VAT deduction has always been an important topic for holding companies. The rules concerning the circumstances in which VAT on purchases is deductible are complex and continuously in development.

Last month another development was added to the long list of cases about this topic. In the Portuguese Sonaecom case before the EU Court of Justice, the Advocate General analyzed the question whether a holding company was entitled to deduct VAT on costs. In the situation at hand it concerned a holding company that incurred the costs to raise capital for the acquisition of shares in another company to which it intended to provide management services after the acquisition was completed. However, the acquisition never materialized and the holding company ended up re-allocating the raised capital by issuing an interest bearing loan to another group company. The issuance of a loan is a tax exempt activity that generally does not allow for VAT recovery. The questions before the EU Court of Justice revolve around whether the VAT deduction claimed by the holding company is justifiable.

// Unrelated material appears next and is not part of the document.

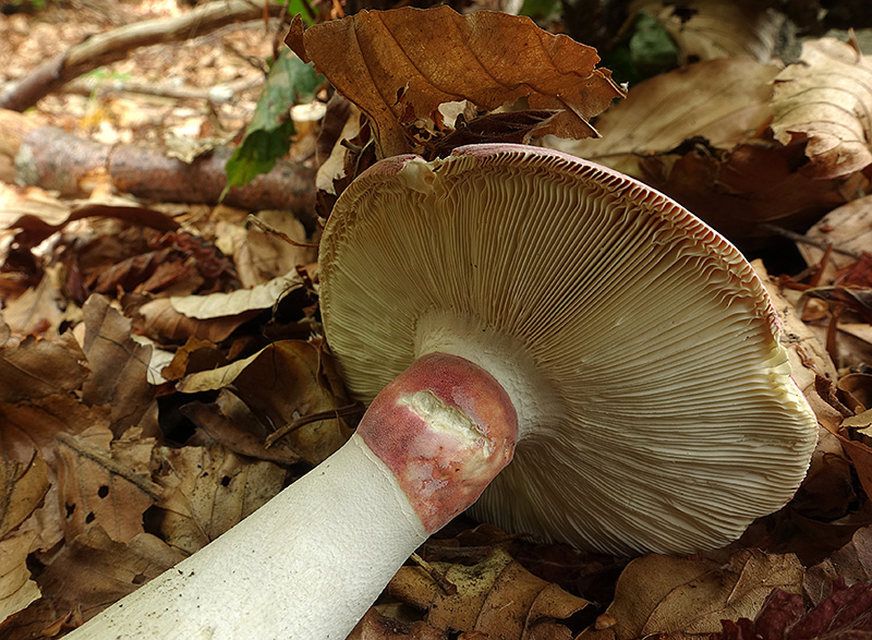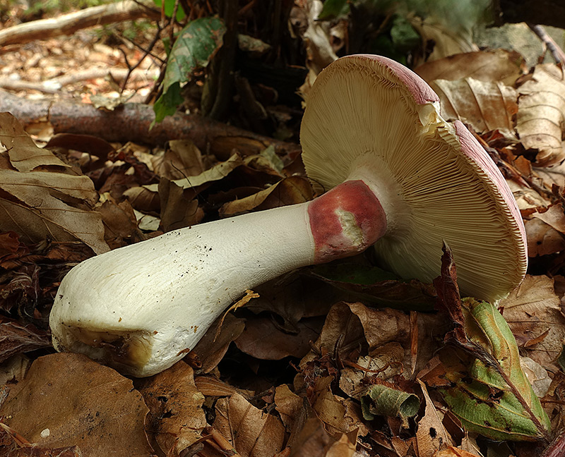 Russula aurora; un poco risecchita per la stagione arida; presenta una "malformazione" verso l'apice del gambo tale da somigliare a uno pseudo-anello; foto di Alessandro Francolini

It is established case law that a holding company that is not actively engaged in economic activities generally does not have the right to claim back VAT on costs. A passive holding company does not qualify as a VAT taxable person.

The complexity around the deduction of VAT on costs gravitates around situations in which holding companies (intend to) perform VATable economic activities besides their so called ‘non-economic activity’ of merely acquiring and holding shares in other companies. Such ‘mixed’ holding companies generally do qualify as VAT taxable persons, but the question remains to what extent they are allowed to deduct VAT on costs incurred. In the case at hand the Advocate General was of the opinion that VAT was not deductible on a portion of the costs, because these costs were ultimately made in relation to the VAT exempt issuance of a loan instead of for the initially intended VATable management services (which never happened).

We will have to await the ruling of the EU Court of Justice to see if the Advocate-General’s opinion about the limitation of VAT deduction will be followed, but it is safe to say that the outcome of this case will cause renewed scrutiny on the way holding companies deal with VAT recovery. Increased scrutiny by the tax authorities may in our opinion also be propelled by the prospect of a prolonged economic recession during which governments will be on the lookout for effective ways to balance their budgets.

It is not unfathomable that, in these times of Corona crisis and increased economic uncertainty, companies abort or adjust their original investment strategies and re-allocate funds to different ends. Such re-allocations may have an adverse VAT impact and, therefore, it is in our view wise to be mindful of this.

For any holding company (mixed or passive) we deem it crucial that its VAT recovery position is carefully looked at and, where possible, enhanced to minimize the risk of VAT deduction corrections. The deduction of VAT by holding companies is a contentious topic, but often there is scope for optimization of a holding company’s VAT recovery position.